» Work required: In the data below, find the line with "1月6日下午,汕头大学立体细" and the line with "Dainty blue aquamarine", then restate both and every line between them exactly, minus the pictures.

» Recorded data:
# # # # # # #

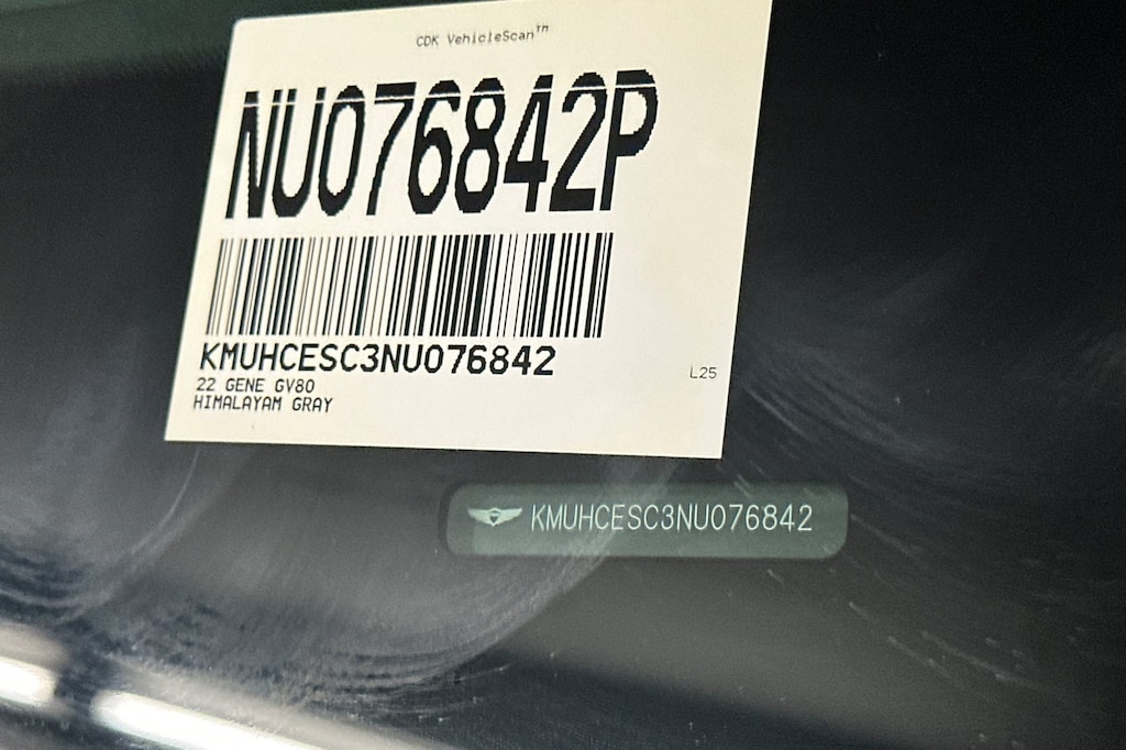 Android Auto & Apple CarPlay, Heated door mirrors, Navigation System, Reclining 3rd row seat. Android Auto & Apple CarPlay, Heated door mirrors, Navigation System, Reclining 3rd row seat, 21 Speakers, 3.909 Axle Ratio, 3rd row seats: split-bench, 4-Wheel Disc Brakes, ABS brakes, Adaptive suspension, Air Conditioning, Alloy wheels, AM/FM radio: SiriusXM, Anti-whiplash front head restraints, Auto High-beam Headlights, Auto tilt-away steering wheel, Auto-dimming door mirrors, Auto-dimming Rear-View mirror, Automatic temperature control, Brake assist, Bumpers: body-color, Compass, Delay-off headlights, Driver door bin, Driver vanity mirror, Dual front impact airbags, Dual front side impact airbags, Electronic Stability Control, Emergency communication system: Genesis Connected Services, Exterior Parking Camera Rear, Four wheel independent suspension, Front anti-roll bar, Front Bucket Seats, Front Center Armrest, Front dual zone A/C, Front reading lights, Fully automatic headlights, Garage door transmitter: HomeLink, Genuine wood console insert, Genuine wood dashboard insert, Genuine wood door panel insert, Heads-Up Display, Heated & Ventilated Front Bucket Seats, Heated front seats, Heated rear seats, Heated steering wheel, Illuminated entry, Knee airbag, Leather Seating Surfaces, Leather steering wheel, Low tire pressure warning, Memory seat, Occupant sensing airbag, Outside temperature display, Overhead airbag, Overhead console, Panic alarm, Passenger door bin, Passenger vanity mirror, Power door mirrors, Power driver seat, Power Liftgate, Power moonroof, Power passenger seat, Power steering, Power windows, Radio data system, Radio: AM/FM/SiriusXM/HD Lexicon Prem Audio System, Rain sensing wipers, Rear air conditioning, Rear anti-roll bar, Rear reading lights, Rear seat center armrest, Rear side impact airbag, Rear window defroster, Rear window wiper, Remote keyless entry, Security system, Speed control, Speed-sensing steering, Speed-Sensitive Wipers, Split folding rear seat, Spoiler, Steering wheel memory, Steering wheel mounted audio controls, Tachometer, Telescoping steering wheel, Tilt steering wheel, Traction control, Trip computer, Turn signal indicator mirrors, Variably intermittent wipers, Ventilated front seats, and Wheels: 20" x 8.5J Medium Metallic Gray Alloy.
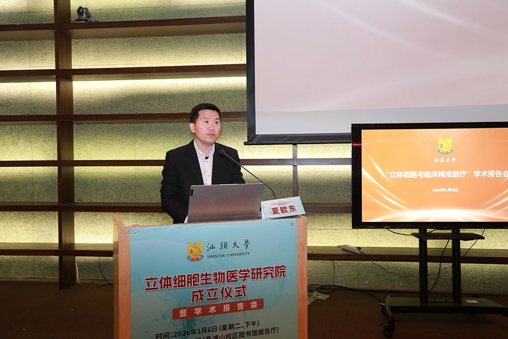 1月6日下午,汕头大学立体细胞生物医学研究院成立仪式暨学术报告会在汕头大学桑浦山校区图书馆报告厅举行。校领导、学科骨干及来自国内外高校、科研机构的专家学者齐聚一堂,共同见证这一聚焦生物医学前沿的新型科研平台正式启航。
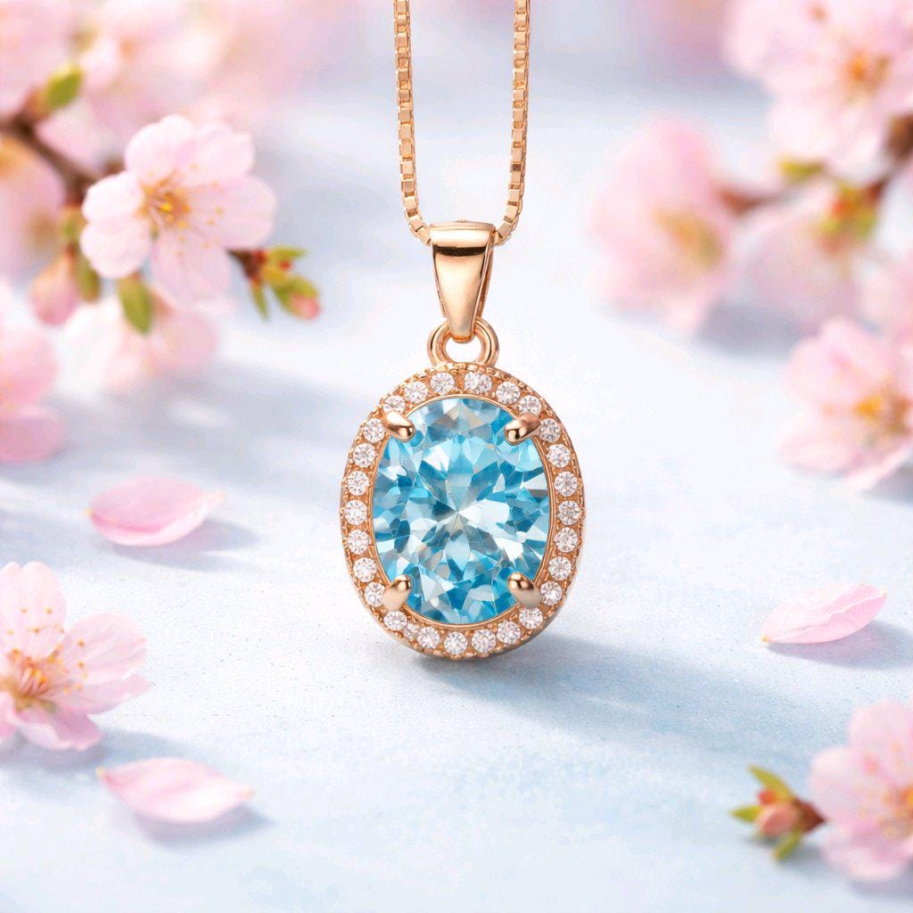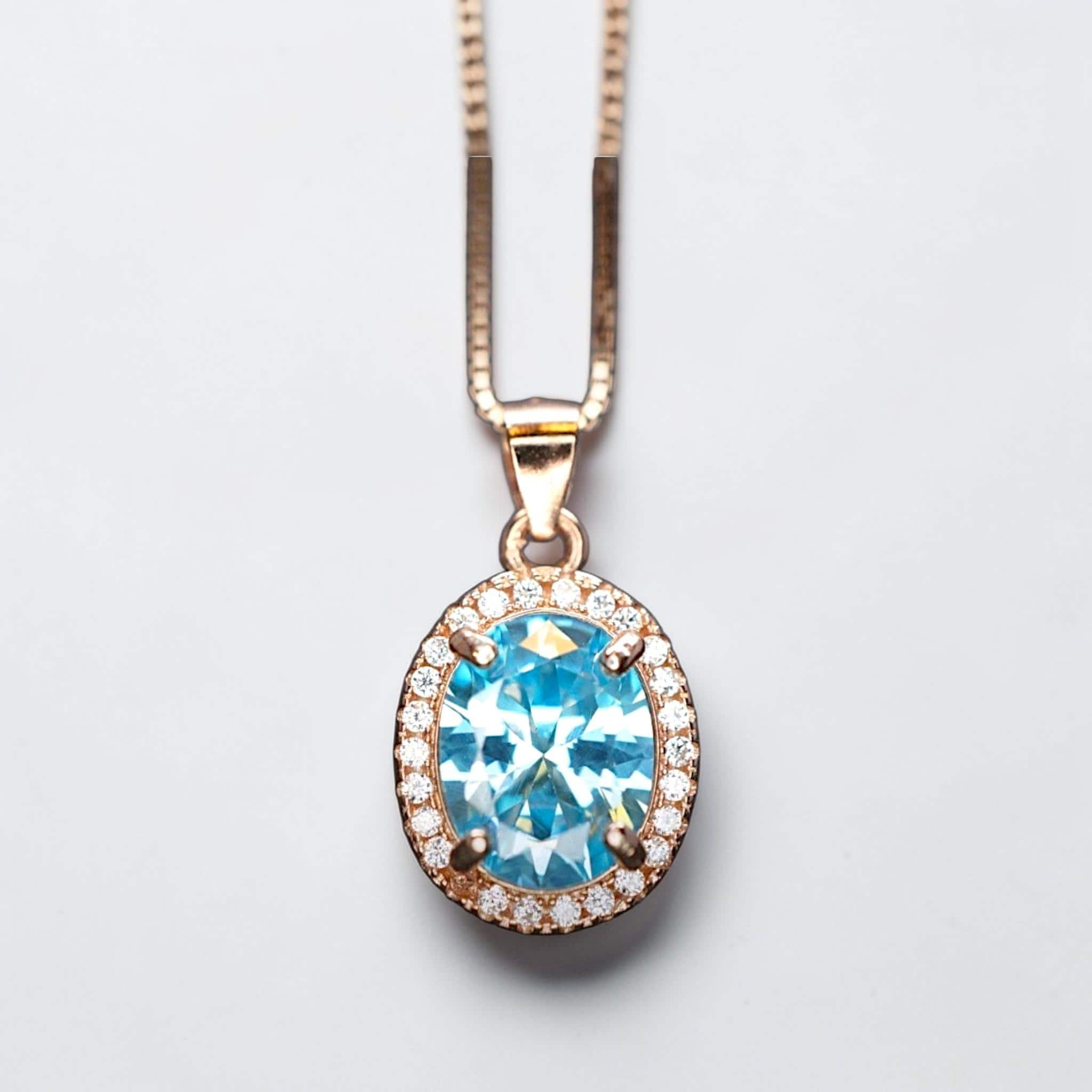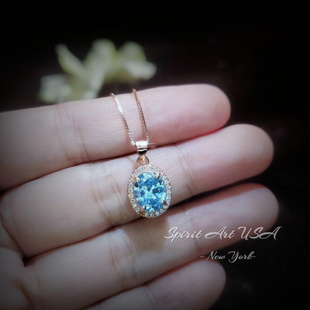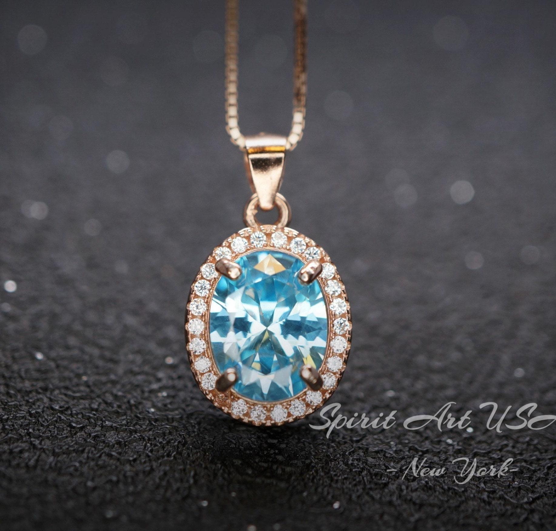 Dainty blue aquamarine Jewelry Rose gold halo style oval cut
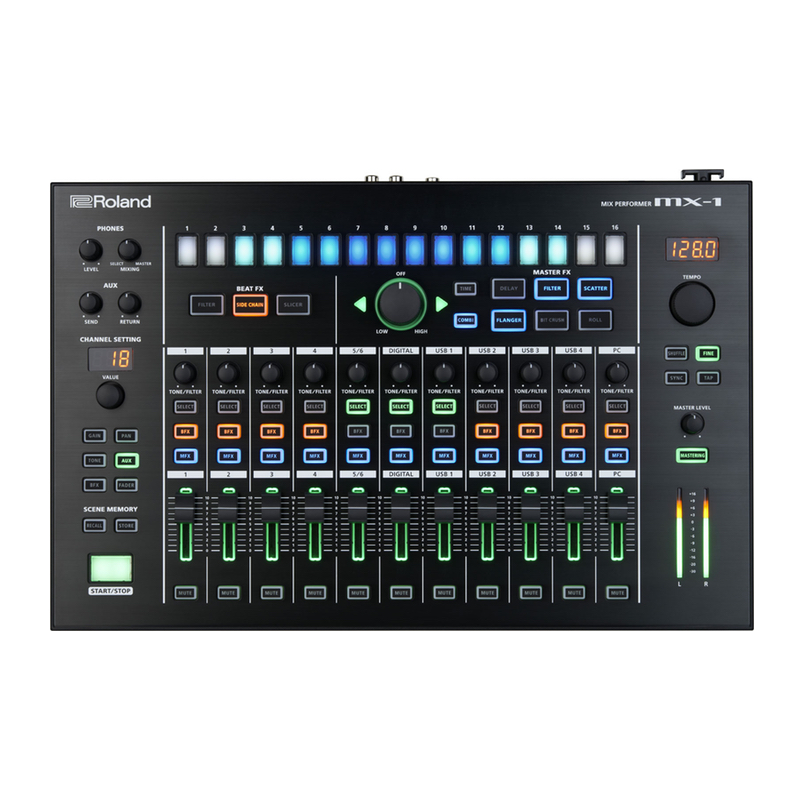 Roland MX-1 представляет собой портативный цифровой микшерный пульт на 18 каналов в общей сложности. Прежде всего данная модель оборудована высококачественным эффект-процессором, который включает в себя большой инструментарий самых необходимых обработок. Так же пульт оборудован встроенным аудиоинтерфейсом, который в свою очередь существенным образом расширяет границы его возможностей и позволяет микшеру работать в нескольких основных режимах. Прежде всего он может работать как традиционная цифровая консоль без необходимости в дополнительных внешних устройств. Так же он способен работать в режиме полноценного и многоканального аудиоинтерфейса в совокупности со всеми основными музыкальными редакторами. Но что еще интересней, пульт вполне может работать в режиме традиционного MIDI-контроллера и управлять программными микшерами во время записи или воспроизведения.

# # # # # # #

» Reply:
 1月6日下午,汕头大学立体细胞生物医学研究院成立仪式暨学术报告会在汕头大学桑浦山校区图书馆报告厅举行。校领导、学科骨干及来自国内外高校、科研机构的专家学者齐聚一堂,共同见证这一聚焦生物医学前沿的新型科研平台正式启航。
 Dainty blue aquamarine Jewelry Rose gold halo style oval cut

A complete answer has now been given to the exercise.